Professor develops portable solar generator

UH prof Shay Curran develops portable solarShay Curran, an engineering professor at the University of Houston, is on a solar innovation roll.

In addition to a self-cleaning coating for solar panels he and a team of researchers has developed, Curran is working to commercialize a solar power generator he developed after Hurricane Ike left him and his family without electricity for days in 2007.

“I started looking into the expense of solar,” he said. “And I found that the installation and labor makes up a huge percentage of the cost of a system. So, I thought about how to eliminate that cost.”

In thinking about it, Curran decided the most elegant solution would be to develop a solar generator people can use when they need or want it that the can fold up and store in the shed when they don’t or when it’s being threatened by extreme storms.

The portable system solves for multiple issues in solar deployment, he said.

Homeowners won’t have to worry about recovering their investment when they sell, he said.

“If you’re offered a job somewhere else, you just pick it up and move it from town to town with you,” he said. “It wouldn’t even matter if you owned your house.”

In the system he developed, he used lithium-ion batteries to store power so the generator would work day and night. The 5-kilowatt generator produced enough power to keep the lights, refrigerator and air conditioner running in his Texas home.

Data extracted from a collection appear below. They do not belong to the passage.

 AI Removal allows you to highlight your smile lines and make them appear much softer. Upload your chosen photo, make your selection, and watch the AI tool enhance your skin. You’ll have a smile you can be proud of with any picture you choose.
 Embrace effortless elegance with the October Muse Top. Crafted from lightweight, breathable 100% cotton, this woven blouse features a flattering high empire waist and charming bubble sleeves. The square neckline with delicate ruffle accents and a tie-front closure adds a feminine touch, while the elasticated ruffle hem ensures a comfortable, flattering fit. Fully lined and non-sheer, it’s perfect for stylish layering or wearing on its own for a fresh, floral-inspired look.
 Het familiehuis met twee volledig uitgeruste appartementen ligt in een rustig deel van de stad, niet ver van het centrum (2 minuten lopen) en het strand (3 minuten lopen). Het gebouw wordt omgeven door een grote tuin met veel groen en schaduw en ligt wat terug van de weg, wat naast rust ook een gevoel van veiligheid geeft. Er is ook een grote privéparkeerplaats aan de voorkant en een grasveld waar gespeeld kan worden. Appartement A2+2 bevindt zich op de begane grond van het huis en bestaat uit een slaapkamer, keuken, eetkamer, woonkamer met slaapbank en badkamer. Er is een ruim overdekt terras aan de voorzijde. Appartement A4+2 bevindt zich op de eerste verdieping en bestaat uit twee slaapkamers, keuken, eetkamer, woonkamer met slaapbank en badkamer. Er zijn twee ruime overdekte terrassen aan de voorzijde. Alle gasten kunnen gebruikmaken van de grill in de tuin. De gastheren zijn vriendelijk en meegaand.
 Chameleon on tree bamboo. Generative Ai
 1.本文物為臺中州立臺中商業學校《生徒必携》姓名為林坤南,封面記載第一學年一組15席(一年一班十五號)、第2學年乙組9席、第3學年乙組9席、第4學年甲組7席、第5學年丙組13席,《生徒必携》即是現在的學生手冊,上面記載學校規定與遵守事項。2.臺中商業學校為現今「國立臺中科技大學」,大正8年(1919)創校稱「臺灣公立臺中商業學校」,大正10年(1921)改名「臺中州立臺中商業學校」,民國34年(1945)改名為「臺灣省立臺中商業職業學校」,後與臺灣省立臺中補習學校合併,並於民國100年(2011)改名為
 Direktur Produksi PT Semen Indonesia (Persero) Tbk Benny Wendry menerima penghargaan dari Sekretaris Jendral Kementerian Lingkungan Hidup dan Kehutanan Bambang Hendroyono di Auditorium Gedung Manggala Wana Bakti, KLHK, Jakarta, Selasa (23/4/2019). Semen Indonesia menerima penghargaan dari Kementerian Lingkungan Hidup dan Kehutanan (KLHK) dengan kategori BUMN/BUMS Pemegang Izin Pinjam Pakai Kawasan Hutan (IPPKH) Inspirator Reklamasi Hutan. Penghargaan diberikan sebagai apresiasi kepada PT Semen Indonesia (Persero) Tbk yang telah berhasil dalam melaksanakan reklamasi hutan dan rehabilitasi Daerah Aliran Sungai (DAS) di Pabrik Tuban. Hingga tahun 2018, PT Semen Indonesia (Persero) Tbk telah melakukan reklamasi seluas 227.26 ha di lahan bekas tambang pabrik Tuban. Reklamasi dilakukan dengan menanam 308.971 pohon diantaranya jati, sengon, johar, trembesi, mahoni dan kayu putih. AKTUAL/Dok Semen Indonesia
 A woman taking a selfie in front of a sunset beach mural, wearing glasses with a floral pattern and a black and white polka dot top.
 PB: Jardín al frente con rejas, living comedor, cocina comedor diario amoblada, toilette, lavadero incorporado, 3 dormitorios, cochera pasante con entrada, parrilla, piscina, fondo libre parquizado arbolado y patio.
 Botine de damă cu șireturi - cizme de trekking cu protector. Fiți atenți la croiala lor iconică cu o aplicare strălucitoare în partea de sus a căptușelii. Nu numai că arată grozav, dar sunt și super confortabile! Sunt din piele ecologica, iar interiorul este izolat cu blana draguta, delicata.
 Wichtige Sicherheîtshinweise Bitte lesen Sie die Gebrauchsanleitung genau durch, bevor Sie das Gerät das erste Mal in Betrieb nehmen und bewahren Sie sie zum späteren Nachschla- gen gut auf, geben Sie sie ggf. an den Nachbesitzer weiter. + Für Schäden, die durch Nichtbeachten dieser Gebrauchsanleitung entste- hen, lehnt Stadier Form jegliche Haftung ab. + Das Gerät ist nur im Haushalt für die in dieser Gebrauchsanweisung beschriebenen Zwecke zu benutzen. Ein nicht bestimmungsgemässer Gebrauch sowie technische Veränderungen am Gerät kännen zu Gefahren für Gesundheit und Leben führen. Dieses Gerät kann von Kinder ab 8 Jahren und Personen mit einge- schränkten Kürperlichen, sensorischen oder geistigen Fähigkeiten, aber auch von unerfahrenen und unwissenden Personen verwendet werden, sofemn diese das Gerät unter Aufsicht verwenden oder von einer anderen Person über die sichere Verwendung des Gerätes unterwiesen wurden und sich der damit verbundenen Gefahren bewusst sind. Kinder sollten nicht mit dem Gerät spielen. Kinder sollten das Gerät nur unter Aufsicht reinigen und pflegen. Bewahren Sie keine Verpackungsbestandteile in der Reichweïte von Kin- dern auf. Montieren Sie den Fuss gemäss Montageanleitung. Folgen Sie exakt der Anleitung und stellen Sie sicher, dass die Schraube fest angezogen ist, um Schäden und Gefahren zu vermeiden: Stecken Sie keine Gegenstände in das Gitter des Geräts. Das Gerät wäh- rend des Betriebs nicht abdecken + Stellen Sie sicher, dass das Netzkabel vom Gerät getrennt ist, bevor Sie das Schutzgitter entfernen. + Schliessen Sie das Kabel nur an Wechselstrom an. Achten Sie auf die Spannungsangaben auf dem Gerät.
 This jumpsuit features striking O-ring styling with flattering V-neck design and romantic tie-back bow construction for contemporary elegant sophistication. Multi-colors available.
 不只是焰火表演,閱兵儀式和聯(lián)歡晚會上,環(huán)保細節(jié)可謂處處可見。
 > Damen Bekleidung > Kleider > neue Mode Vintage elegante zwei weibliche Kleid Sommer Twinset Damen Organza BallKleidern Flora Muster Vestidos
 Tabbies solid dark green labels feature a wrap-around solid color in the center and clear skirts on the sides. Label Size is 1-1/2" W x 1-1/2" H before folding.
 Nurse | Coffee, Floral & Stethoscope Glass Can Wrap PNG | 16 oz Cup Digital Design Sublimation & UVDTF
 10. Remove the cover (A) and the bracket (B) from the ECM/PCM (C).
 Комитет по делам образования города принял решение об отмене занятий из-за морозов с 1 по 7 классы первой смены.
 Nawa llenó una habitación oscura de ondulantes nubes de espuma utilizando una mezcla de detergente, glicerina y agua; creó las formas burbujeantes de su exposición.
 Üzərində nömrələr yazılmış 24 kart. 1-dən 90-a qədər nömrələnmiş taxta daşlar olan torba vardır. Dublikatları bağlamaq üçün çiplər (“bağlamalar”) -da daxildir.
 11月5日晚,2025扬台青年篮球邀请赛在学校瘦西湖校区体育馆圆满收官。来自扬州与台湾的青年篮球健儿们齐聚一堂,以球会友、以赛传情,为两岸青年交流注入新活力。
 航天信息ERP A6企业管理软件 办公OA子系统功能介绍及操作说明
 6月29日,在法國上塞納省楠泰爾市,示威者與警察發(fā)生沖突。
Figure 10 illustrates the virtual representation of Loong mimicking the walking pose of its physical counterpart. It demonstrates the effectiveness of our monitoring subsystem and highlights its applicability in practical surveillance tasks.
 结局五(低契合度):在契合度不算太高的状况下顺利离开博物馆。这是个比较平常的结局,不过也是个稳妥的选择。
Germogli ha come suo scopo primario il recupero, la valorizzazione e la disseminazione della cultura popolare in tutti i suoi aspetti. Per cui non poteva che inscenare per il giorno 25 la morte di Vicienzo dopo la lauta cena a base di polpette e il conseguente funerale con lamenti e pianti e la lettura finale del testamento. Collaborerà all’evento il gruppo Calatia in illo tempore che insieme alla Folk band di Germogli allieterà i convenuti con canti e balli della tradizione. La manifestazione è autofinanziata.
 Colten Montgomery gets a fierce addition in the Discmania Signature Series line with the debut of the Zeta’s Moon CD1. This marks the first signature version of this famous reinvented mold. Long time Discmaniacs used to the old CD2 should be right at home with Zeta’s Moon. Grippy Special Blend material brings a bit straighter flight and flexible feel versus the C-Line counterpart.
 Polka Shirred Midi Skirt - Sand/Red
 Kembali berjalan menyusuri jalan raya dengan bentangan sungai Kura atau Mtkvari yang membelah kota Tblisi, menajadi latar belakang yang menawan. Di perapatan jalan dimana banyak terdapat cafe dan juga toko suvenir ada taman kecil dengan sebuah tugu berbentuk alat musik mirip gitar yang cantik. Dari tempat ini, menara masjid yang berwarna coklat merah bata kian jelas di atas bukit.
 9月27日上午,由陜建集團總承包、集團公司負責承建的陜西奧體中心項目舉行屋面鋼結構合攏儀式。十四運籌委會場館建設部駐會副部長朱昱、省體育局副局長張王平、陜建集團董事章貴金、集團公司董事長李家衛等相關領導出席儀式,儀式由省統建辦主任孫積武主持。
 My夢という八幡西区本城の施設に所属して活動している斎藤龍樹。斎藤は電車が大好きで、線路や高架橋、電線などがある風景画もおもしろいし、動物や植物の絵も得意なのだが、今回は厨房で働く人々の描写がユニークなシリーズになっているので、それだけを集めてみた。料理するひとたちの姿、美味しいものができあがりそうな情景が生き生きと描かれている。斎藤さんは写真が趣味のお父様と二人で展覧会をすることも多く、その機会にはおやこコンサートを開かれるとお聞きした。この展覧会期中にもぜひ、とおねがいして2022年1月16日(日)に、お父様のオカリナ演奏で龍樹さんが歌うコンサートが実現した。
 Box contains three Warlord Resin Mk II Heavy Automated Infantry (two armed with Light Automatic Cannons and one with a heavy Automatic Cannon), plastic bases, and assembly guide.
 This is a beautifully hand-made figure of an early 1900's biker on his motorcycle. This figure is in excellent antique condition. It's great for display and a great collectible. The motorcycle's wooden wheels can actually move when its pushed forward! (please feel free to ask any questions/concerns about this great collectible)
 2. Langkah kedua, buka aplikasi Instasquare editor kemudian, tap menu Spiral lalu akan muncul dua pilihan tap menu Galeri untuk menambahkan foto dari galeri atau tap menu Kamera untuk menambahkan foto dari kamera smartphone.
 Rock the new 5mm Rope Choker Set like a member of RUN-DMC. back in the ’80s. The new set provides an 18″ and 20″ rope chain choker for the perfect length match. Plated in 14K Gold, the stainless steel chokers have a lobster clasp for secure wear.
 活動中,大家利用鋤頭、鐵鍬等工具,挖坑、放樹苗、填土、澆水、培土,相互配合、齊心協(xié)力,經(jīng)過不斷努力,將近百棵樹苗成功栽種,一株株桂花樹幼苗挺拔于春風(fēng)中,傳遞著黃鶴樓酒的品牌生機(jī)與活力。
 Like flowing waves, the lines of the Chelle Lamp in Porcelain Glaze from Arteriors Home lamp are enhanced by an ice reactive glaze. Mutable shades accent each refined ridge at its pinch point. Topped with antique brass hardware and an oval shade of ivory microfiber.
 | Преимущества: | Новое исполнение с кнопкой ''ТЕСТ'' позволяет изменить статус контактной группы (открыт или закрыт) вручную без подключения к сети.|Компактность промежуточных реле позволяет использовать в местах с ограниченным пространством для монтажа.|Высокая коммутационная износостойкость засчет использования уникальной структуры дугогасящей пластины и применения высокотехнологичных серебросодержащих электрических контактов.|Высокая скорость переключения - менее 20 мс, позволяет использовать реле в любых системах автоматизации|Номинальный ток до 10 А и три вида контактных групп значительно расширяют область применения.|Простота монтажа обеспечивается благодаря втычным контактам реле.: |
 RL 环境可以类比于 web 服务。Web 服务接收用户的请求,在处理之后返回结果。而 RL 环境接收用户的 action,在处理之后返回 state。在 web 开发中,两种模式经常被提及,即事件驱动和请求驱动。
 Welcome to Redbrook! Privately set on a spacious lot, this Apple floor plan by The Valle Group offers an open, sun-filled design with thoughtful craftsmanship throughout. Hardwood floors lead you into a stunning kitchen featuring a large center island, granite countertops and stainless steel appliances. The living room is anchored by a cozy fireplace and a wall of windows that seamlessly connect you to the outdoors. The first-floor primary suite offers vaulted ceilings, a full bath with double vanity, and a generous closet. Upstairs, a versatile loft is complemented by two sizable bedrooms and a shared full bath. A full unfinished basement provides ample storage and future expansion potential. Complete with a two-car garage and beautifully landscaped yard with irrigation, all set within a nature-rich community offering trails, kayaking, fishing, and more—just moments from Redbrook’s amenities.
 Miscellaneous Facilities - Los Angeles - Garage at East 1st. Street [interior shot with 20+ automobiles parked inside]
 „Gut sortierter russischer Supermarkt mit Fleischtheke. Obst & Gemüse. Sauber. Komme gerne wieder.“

It would make solar less risky and less of a commitment.

“Have you ever flown over Florida?” Curran asked. “I make a habit of looking for solar on roofs when I fly.”

There is very little rooftop solar in Florida, Curran said. He speculates that it’s because homeowners are afraid to install a system for fear a hurricane would wipe it away.

Beyond making solar easier to adopt in the US, he said it would be beneficial to people in developing countries, where it could be deployed cheaply to supply power for whole villages.

Curran said he’s working with several companies interested in purchasing his technology and commercializing it.